SIMIC concludes production of its share of radial plates for ITER Toroidal Field coils
The final radial plate manufactured by SIMIC is loaded on the vessel
It is early in the morning and an impressive metallic component is carefully wrapped and ready to leave for the port of Marghera, near Venice, in order to de delivered to La Spezia, near Genoa. Due to its large size (13 x 9 m) and heavy weigh, close to 10 T, it will travel by sea to reach the facility where F4E is manufacturing Europe's Toroidal Field coils. The cranes are ready to lift the component and carefully load it on the vessel.
SIMIC, an Italian SME specialised in engineering and manufacturing of large machined components, has recently completed the production of its share of radial plates.
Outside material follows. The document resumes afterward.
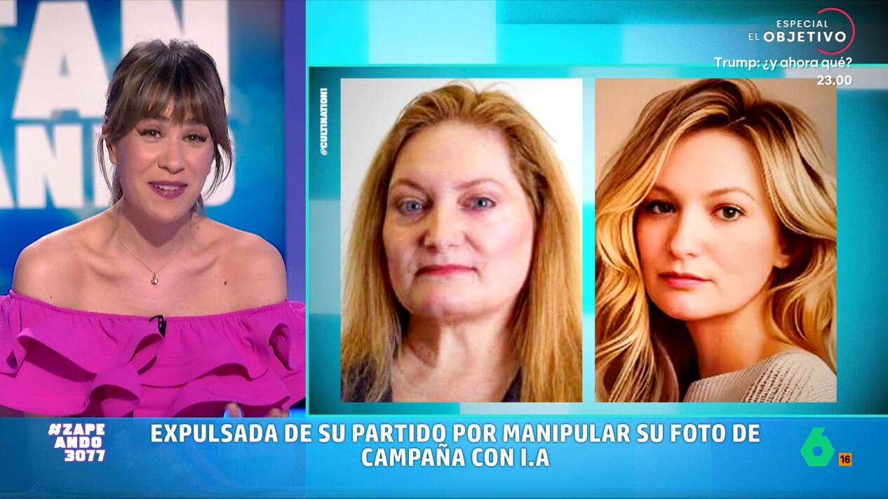 En el vídeo sobre estas líneas María Gómez nos muestra una foto de la política y cómo quedó tras pasar por la IA: "Es la versión política de lo que prometes y lo que cumples", reacciona la zapeadora.
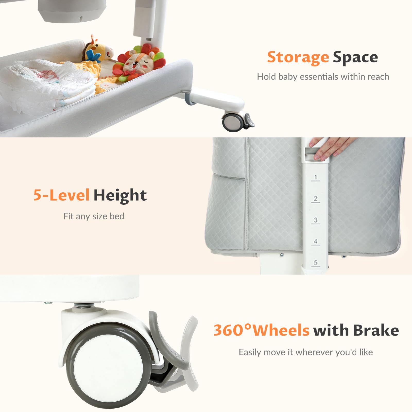 Portability - With 4 universal wheels, you want to move the bassinet between rooms. And the wheels can be locked for added safety.

Together with CNIM, the two companies have been entrusted by F4E to manufacture a total of 70 stainless steel plates. Inside the grooves of the D-shaped plates, the superconducting conductor of the one of the biggest magnets in history will nestle in order to contribute towards the confinement of the ITER plasma.
It has taken more than four years to complete the series of production involving up to 70 people. Marianna Ginola, SIMIC Commercial Director, explains that "the teams have been working on three shifts and very often during weekends and bank holidays. We moved our most experienced resources to our factory in Marghera in order to capitalise on their expertise in the most critical production stages. With their support and commitment, coupled with the good collaboration with F4E, we have managed to achieve this result."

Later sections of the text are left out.